- _Problem to solve_:
Look through the entries below and extract exactly the lines from the one containing "ในปี 2568 ฮอนด้ามียอดขายสะสม" through the one containing "Golden Retriever |", ends included.

:: Provided records ::

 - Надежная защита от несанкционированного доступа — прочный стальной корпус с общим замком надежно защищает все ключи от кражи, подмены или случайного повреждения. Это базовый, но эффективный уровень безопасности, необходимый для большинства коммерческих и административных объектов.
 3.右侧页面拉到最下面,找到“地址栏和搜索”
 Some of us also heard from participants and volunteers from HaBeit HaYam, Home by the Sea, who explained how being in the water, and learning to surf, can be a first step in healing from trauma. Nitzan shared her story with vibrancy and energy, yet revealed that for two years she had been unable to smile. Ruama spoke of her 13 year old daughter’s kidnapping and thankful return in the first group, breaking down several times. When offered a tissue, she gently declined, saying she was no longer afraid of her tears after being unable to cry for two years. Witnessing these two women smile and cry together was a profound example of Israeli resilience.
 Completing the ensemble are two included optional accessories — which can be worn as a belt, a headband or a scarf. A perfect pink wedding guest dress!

:::
:: Provided records ::

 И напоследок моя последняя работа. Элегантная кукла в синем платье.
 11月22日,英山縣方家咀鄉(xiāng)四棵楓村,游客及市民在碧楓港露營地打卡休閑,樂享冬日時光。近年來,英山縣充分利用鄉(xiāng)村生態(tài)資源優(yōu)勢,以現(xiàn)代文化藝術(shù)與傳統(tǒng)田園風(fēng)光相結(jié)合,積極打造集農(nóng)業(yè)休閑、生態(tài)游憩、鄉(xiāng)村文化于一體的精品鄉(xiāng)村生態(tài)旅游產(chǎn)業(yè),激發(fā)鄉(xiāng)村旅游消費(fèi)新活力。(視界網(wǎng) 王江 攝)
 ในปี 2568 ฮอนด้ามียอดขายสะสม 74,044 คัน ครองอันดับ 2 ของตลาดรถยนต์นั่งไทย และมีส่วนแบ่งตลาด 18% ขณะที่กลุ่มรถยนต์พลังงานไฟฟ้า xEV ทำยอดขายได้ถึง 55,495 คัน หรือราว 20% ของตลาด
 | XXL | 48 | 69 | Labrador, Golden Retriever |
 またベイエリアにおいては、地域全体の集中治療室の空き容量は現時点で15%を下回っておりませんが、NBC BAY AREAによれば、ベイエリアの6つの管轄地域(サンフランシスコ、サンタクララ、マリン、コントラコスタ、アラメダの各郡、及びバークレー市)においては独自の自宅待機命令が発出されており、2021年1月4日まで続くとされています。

:::

- _Reply_:
 ในปี 2568 ฮอนด้ามียอดขายสะสม 74,044 คัน ครองอันดับ 2 ของตลาดรถยนต์นั่งไทย และมีส่วนแบ่งตลาด 18% ขณะที่กลุ่มรถยนต์พลังงานไฟฟ้า xEV ทำยอดขายได้ถึง 55,495 คัน หรือราว 20% ของตลาด
 | XXL | 48 | 69 | Labrador, Golden Retriever |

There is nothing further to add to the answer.